Experimental Multiple Sclerosis Drug May Repair Nerve Damage

Researchers find biological evidence of repaired myelin.

Researchers find biological evidence of repaired myelin.

An experimental drug for multiple sclerosis (MS) may be able to effectively treat nerve damage, according to a recent phase 2 study.

The study, presented at the American Academy of Neurology meeting in Washington, DC this month, indicates the drug may repair myelin, which provides protection to nerves and is damaged by MS.

"This study, for the first time, provides biological evidence of repair of damaged myelin in the human brain, and advances the field of neuro-reparative therapies," lead author Diego Cadavid, MD, said in a press release.

The study included 82 people who suffered from acute optic neuritis, a condition that affects just 1 eye and includes inflammation, nerve fiber damage, and myelin loss within the optic nerve. The study estimated approximately half of people with optic neuritis will go on to develop MS.

All of the patients received high dose steroids before being randomly selected to receive either the experimental antibody anti-LINGO-1 or a placebo once every 4 weeks for a total of 6 doses. The patients were assessed every 4 weeks for 6 months, with a final visit at 8 months.

The efficacy of anti-LINGO-1 in repairing myelin was evaluated through a comparison of optic nerve latency recovery in the damaged eye at 6 and 8 months with the other unaffected eye at the start of the study.

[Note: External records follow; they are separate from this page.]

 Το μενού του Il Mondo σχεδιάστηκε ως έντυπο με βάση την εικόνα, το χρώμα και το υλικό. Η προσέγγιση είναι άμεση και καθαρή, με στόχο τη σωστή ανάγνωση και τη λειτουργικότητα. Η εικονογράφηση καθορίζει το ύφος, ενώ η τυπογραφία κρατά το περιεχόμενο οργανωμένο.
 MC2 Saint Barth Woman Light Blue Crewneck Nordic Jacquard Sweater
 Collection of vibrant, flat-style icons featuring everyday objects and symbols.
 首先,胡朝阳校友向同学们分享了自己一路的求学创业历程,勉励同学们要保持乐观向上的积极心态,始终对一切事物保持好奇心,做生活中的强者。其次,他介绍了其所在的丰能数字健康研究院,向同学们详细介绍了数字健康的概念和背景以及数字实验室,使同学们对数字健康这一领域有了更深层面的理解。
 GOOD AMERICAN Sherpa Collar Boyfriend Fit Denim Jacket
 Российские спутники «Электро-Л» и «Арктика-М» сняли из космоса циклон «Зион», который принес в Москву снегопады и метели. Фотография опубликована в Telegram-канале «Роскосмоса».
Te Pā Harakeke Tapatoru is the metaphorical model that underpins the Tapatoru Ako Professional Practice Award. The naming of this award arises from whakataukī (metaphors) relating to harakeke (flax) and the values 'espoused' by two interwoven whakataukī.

The study’s main finding focused on the latency of the visual evoked potential (VEP), which measures the ability of the visual system as a conductor of electrical signals between the retina and the brain. The researchers found that people treated with anti-LINGO-1 who did not miss more than 1 dose showed significantly improved conduction, measured by latency recovery, compared with people who in the placebo group.

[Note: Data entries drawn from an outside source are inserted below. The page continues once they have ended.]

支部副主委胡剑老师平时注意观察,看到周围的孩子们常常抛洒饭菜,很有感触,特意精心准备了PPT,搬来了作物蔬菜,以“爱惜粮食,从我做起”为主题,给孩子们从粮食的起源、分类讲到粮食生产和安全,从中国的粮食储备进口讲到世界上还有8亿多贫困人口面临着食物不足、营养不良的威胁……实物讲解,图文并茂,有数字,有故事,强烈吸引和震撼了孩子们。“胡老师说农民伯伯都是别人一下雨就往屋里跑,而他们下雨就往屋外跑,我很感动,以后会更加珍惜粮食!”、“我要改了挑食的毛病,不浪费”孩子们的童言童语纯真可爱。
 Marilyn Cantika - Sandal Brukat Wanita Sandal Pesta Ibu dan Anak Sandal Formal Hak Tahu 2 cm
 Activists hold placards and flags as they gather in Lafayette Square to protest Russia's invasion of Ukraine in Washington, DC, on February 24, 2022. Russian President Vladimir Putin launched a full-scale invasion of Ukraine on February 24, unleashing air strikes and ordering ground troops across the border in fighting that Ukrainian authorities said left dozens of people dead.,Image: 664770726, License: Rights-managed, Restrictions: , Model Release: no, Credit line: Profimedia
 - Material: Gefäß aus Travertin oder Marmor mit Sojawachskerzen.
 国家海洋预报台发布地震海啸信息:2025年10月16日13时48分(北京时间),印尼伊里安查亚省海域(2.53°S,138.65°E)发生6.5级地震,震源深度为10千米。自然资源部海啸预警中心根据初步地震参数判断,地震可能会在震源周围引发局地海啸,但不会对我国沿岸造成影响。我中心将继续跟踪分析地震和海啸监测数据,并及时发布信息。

At 6 months, patients who received the experimental drug improved by 7.55 milliseconds (34%) on average compared with placebo, which continued at 8 months with an average improvement of 9.13 milliseconds (41%) over placebo. Furthermore, the percentage of patients with VEP latency in the affected eye who recovered to normal or within 10% of the normal eye increased from 26% in the placebo group to 53% on anti-LINGO-1.

A substudy that utilized an exploratory method to measure latency called multifocal VEP showed similar effects from the treatment.

"More studies are needed to evaluate whether these changes lead to clinical improvement," Dr. Cadavid said.